First, let's assign oxidation states to each element in the given redox reaction: \(Pb(s)\): In its solid state, the oxidation state of Pb is 0. \(Pd(NO_3)_2(aq)\): Pd is in the ionic compound Pd(NO3)2 and has an oxidation state of +2 in this compound. The oxidation state of nitrogen in \(NO_3^-\) (nitrate ion) is +5, and that of oxygen is -2. \(Pb(NO_3)_2(aq)\): Pb forms an ionic compound with nitrate ions and has an oxidation state of +2 in this compound. \(Pd(s)\): In its solid state, the oxidation state of Pd is 0.

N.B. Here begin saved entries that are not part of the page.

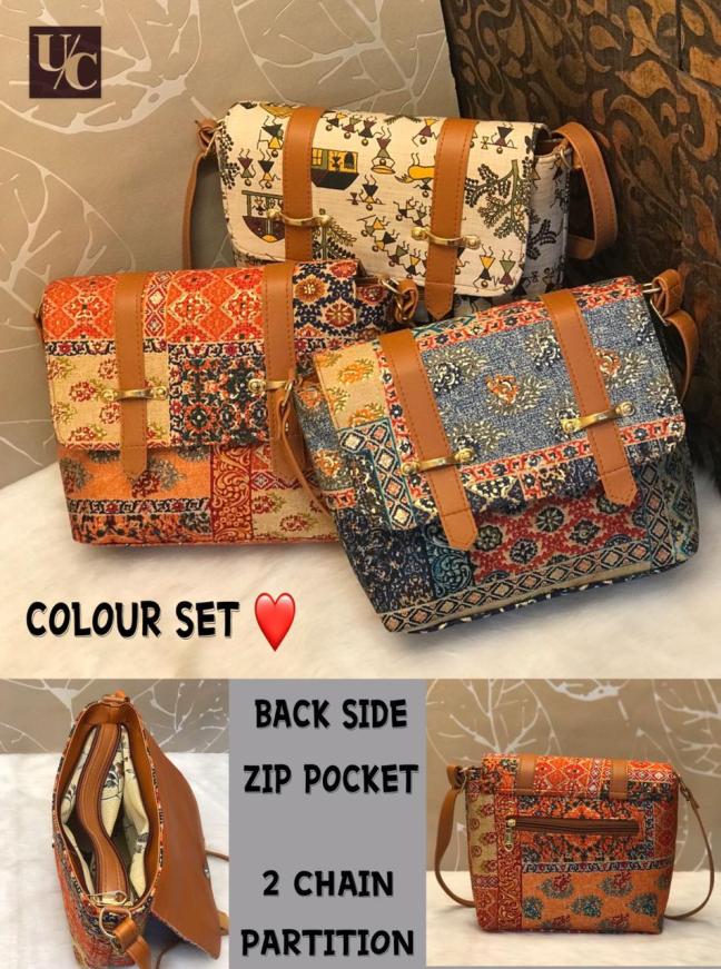 - New Fashion Women sling Womens shoulder Messenger side Bag ikkat material 2 Chain Partitions Latest New Design Backside zip pocket ALL NEW 3 PRINT’S Good Quality*
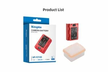 Литий-ионный аккумулятор повышенной емкости Kingma NP-FZ100. Батарея обладает встроенной защитой от повышенного напряжения, глубокого разряда, короткого замыкания, перегрева и так далее. В комплекте также идет защитный герметичный кейс, который обеспечивает защиту от пыли и влаги. Внутри кейса предусмотрены крепления для 2 карт типа microSD и 1 SD карточки. Контакты выполнены из чистой меди для более эффективной отдачи энергии, корпус – из жаростойкого АБС пластика.
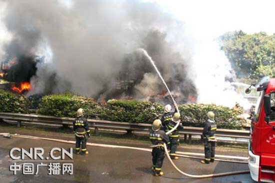 据悉,事故车辆装载了一批机器、原料和塑料制品,从广东汕头开往上海。目前,事故原因和具体损失正在调查。
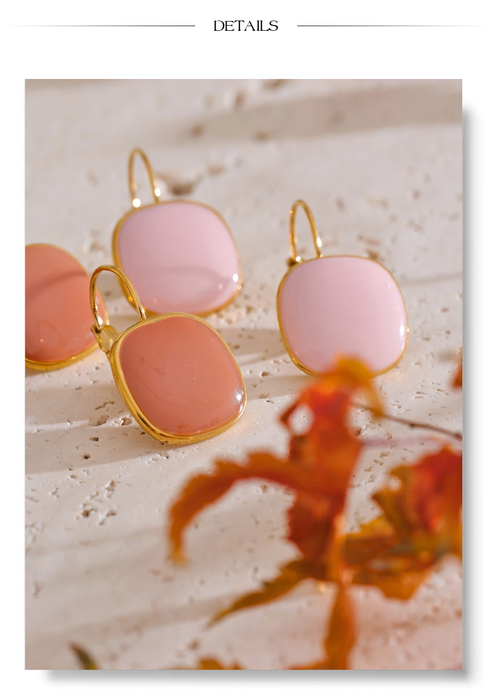 CANDY🍭 Aretes de aro cuadrados color caramelo esmaltado de acero inoxidable / Varios colores
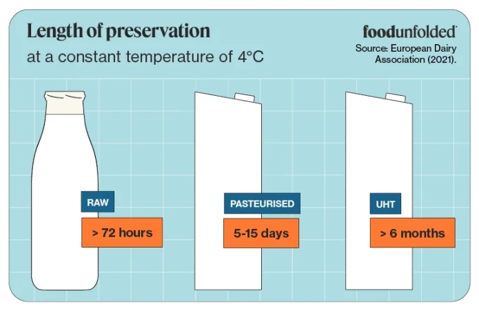 Raw milk skips pasteurisation altogether, and is instead bottled and refrigerated straight from the udder. This reduces shelf life significantly and increases the risk of milk borne illnesses if the raw milk is contaminated with pathogens.1
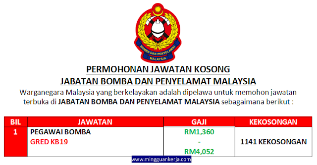 1141 Kekosongan Jawatan Pegawai Bomba Gred Kb19 Ditawarkan Di Jabatan Bomba Dan Penyelamat Malaysia Sehingga 08 Disember 2019 Mingguan Kerja
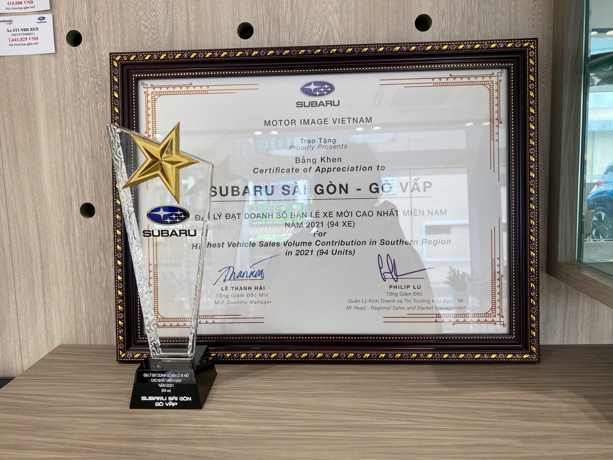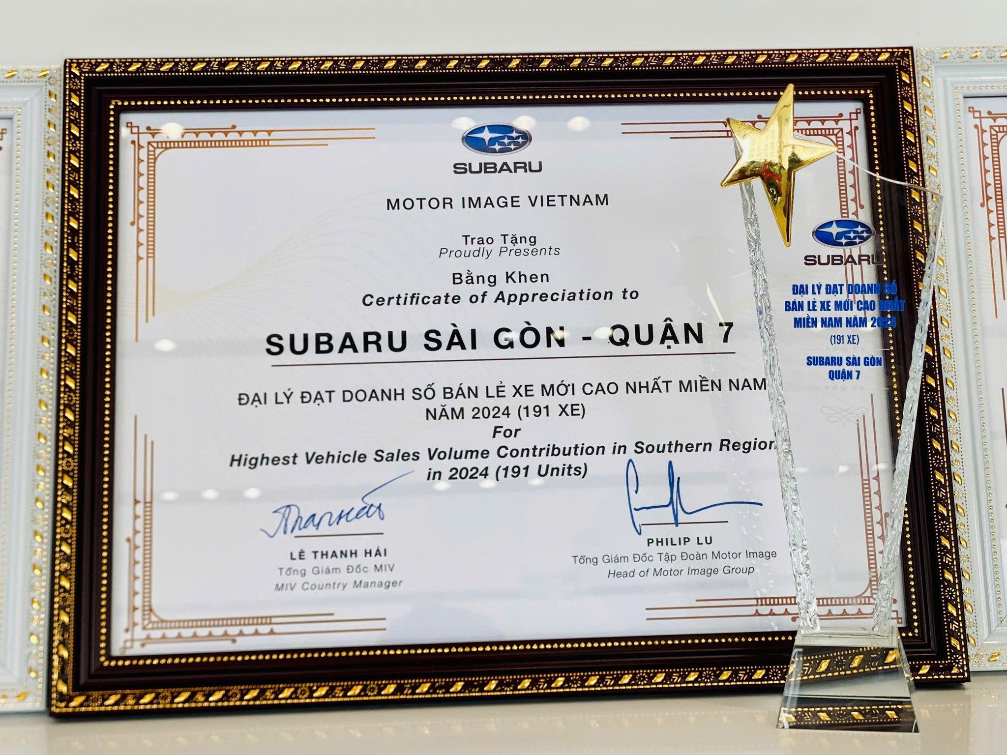 Là Đại lý 4S chính hãng uy tín nhất miền Nam, Subaru Sài Gòn nhiều năm liền vinh dự đạt danh hiệu Đại lý có doanh số bán lẻ cao nhất toàn quốc.
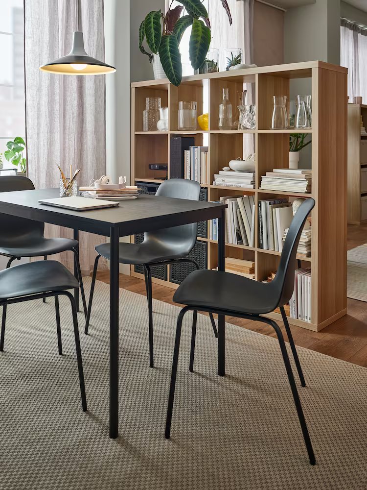 使用層架為分隔線,便能在一個房間打造兩個空間。這款現代風的透明層架除了能製造空間感,也能擺放書本、裝飾品和植物,讓空間更加個人化。多款黑色籃子能儲起雜物,使餐廳煥然一新。

Now that we've assigned oxidation states, we can determine which species are undergoing oxidation and reduction: Oxidation: Pb(s) goes from an oxidation state of 0 to +2 in \(Pb(NO_3)_2(aq)\). This means Pb is losing 2 electrons. Reduction: Pd(+2) in \(Pd(NO_3)_2(aq)\) goes from an oxidation state of +2 to 0 in Pd(s). This means Pd is gaining 2 electrons.

Now let's write the half-reactions for oxidation and reduction: Oxidation half-reaction: \(Pb(s) \rightarrow Pb^{+2}(aq) + 2e^-\) Reduction half-reaction: \(Pd^{+2}(aq) + 2e^- \rightarrow Pd(s)\) These are the balanced half-reactions for the given redox equation as we have both mass and charge balanced in each of them.